**Aim of the task**
Reproduce, exactly and in full, the lines from the one with "En el punto" through the one with "往复式电钻:乔伊装备后,电钻" in the data below; drop pictures.

**Given information**
++++++
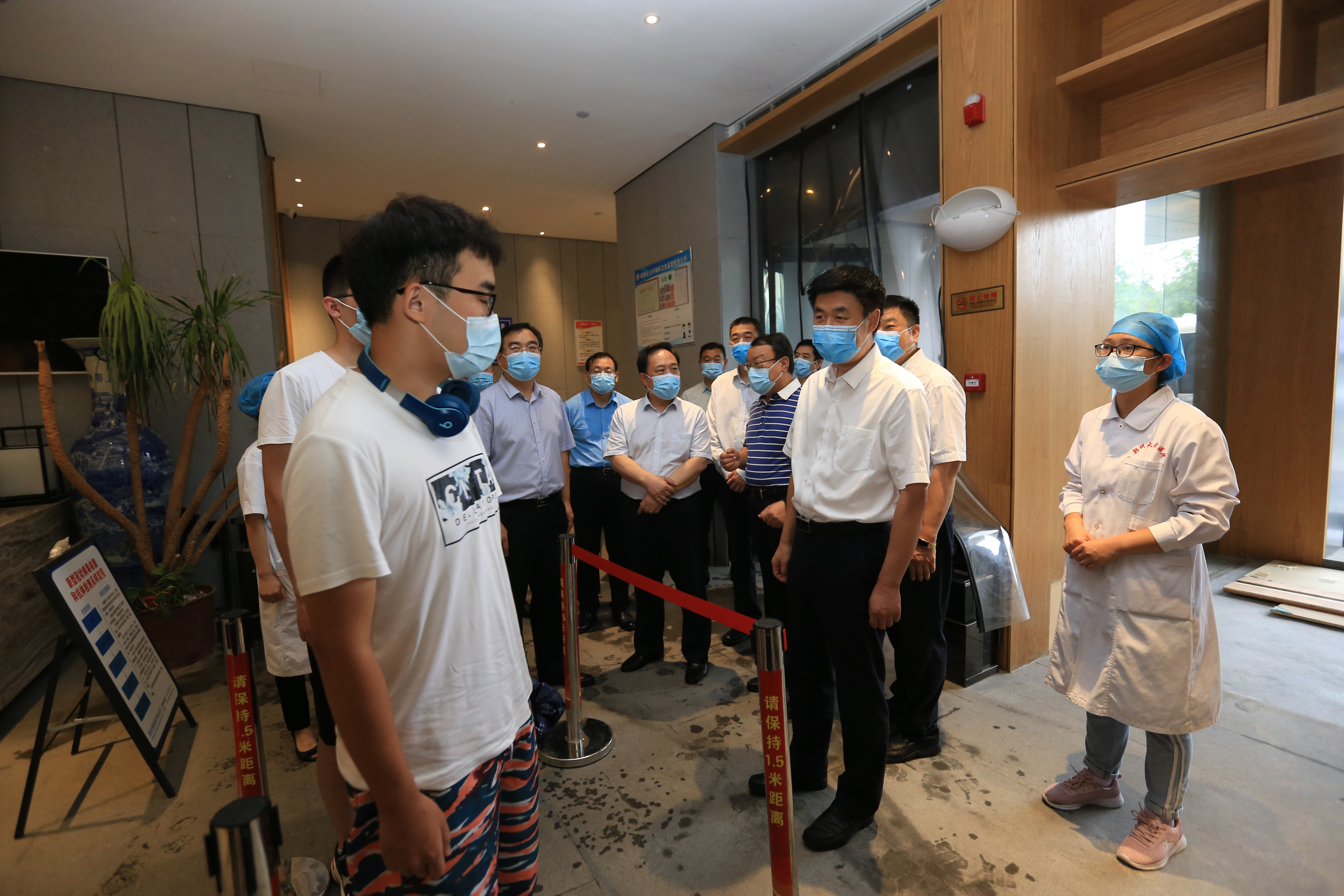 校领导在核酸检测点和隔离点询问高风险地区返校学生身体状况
++++++
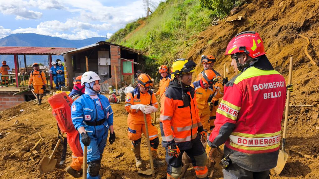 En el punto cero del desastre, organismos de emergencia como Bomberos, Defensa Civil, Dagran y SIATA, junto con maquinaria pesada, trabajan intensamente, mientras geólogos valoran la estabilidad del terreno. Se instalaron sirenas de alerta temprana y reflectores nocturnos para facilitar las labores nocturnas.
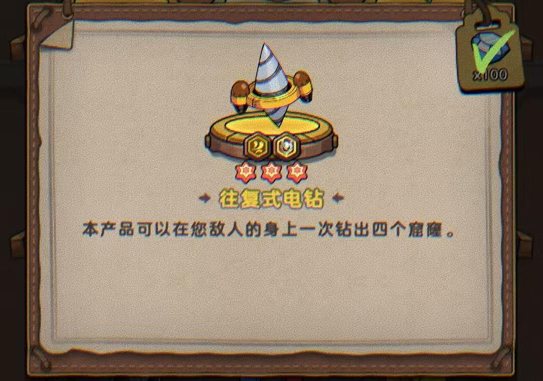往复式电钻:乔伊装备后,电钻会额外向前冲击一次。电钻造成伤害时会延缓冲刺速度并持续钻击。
++++++
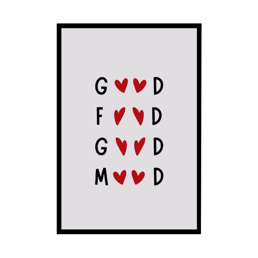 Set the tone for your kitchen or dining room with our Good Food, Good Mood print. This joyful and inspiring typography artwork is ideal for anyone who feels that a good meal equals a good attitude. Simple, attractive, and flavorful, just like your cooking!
++++++
**Written answer**
 En el punto cero del desastre, organismos de emergencia como Bomberos, Defensa Civil, Dagran y SIATA, junto con maquinaria pesada, trabajan intensamente, mientras geólogos valoran la estabilidad del terreno. Se instalaron sirenas de alerta temprana y reflectores nocturnos para facilitar las labores nocturnas.
往复式电钻:乔伊装备后,电钻会额外向前冲击一次。电钻造成伤害时会延缓冲刺速度并持续钻击。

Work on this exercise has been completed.